The FDA is still investigating the products, although it has said that ten deaths of children were reported. Hyland’s has pulled the teething tablets and gels from shelves, but has not issued a recall.
The FDA might be vague about its investigation, but I can be more specific: the teething products contain poison. Specifically, Hyland’s teething products contain atropa belladonna, better known as deadly nightshade.
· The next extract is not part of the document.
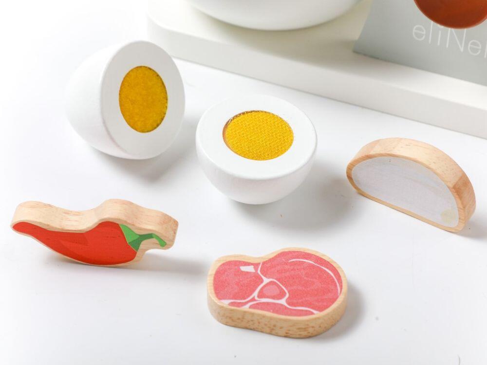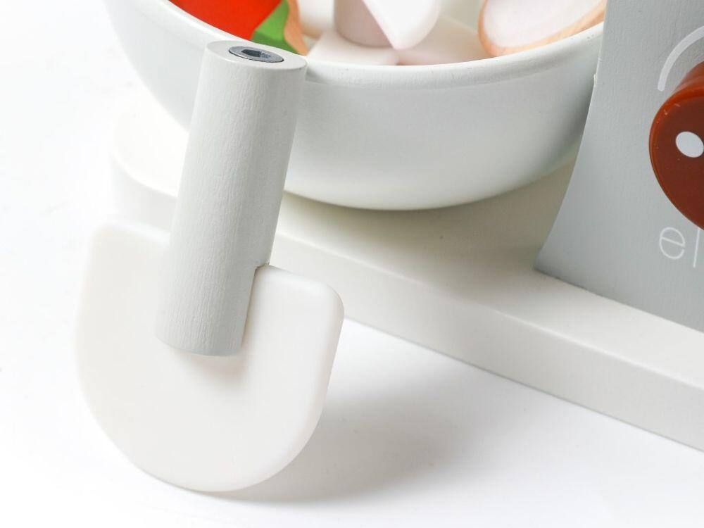 Il set da cucina per bambini con accessori, realizzato in legno naturale di alta qualità, è un must in ogni cucina per bambini. Con il robot da cucina, i bambini possono preparare deliziosi biscotti da servire durante un tè o un caffè organizzato per le loro bambole preferite, i peluche o i genitori. Il robot da cucina in legno dai colori vivaci è un giocattolo educativo che permette ai bambini di imitare le attività degli adulti in modo sicuro. I bambini potranno provare a lavorare con il mixer, stendere la pasta e cuocere i deliziosi biscotti inclusi nel set. La confezione include un mixer in legno e altri accessori in legno: una ciotola, un piatto (vassoio), un mattarello, farina e 2 biscotti dall'aspetto delizioso.

Deadly nightshade is one of the most famous poisons in human history. Back in ancient times, the Romans used it as a poison, including for poison-tipped arrows. Supposedly the wives of Augustus and Claudius used it to murder their enemies. It’s extremely toxic, to the point that a berry or two is enough to kill a child, and a single leaf can kill an adult.
Hyland’s of course disputes there’s any risk in using their teething tablets and gels, and on their website they responded to the FDA with a statement that said “The amount of Belladonna used in Hyland’s Baby Teething Tablets is miniscule. There’s two trillionths of a milligram in a tablet.” (We’ll put aside for the moment the obvious questions about why belladonna is in the product at all, and why Hyland’s would expect it to have any useful effect on a teething infant in those amounts.)
That’s probably what the amount of belladonna that they intend to put in the tablets, but when it comes to manufacturing, there’s a big difference between how a company intends to make its product and how the products actually come out. In product liability law, we call this a “manufacturing defect.”
Manufacturing defects in consumer drugs are far more common than most people realize. Just this week, for example, the FDA withdrew two generic versions of the ADHD drug Concerta, because they didn’t release the active chemical in the same way as the brand-name drug. The FDA releases letters from its Office of Manufacturing Quality and, as you can see, they’re quite busy, issuing several a month.
Indeed, back in 2010, the FDA issued a warning about and recall of Hyland’s teething tablets, saying,
Hyland’s Teething Tablets are manufactured to contain a small amount of belladonna, a substance that can cause serious harm at larger doses. For such a product, it is important that the amount of belladonna be carefully controlled. FDA laboratory analysis, however, has found that Hyland’s Teething Tablets contain inconsistent amounts of belladonna. In addition, the FDA has received reports of serious adverse events in children taking this product that are consistent with belladonna toxicity. The FDA has also received reports of children who consumed more tablets than recommended, because the containers do not have child resistant caps.
It’s not too much of a leap to wonder if the same thing happened again. Maybe Hyland’s will eventually be vindicated, but we won’t know until samples are tested, and until the lawsuits proceed.
If your child used a Hyland’s teething tablet or gel and suffered an injury, you should discuss your case with a product liability lawyer. Importantly, do not dispose of the tablets you have, and instead keep them somewhere safe where children can’t get them. They may end up being evidence down the line.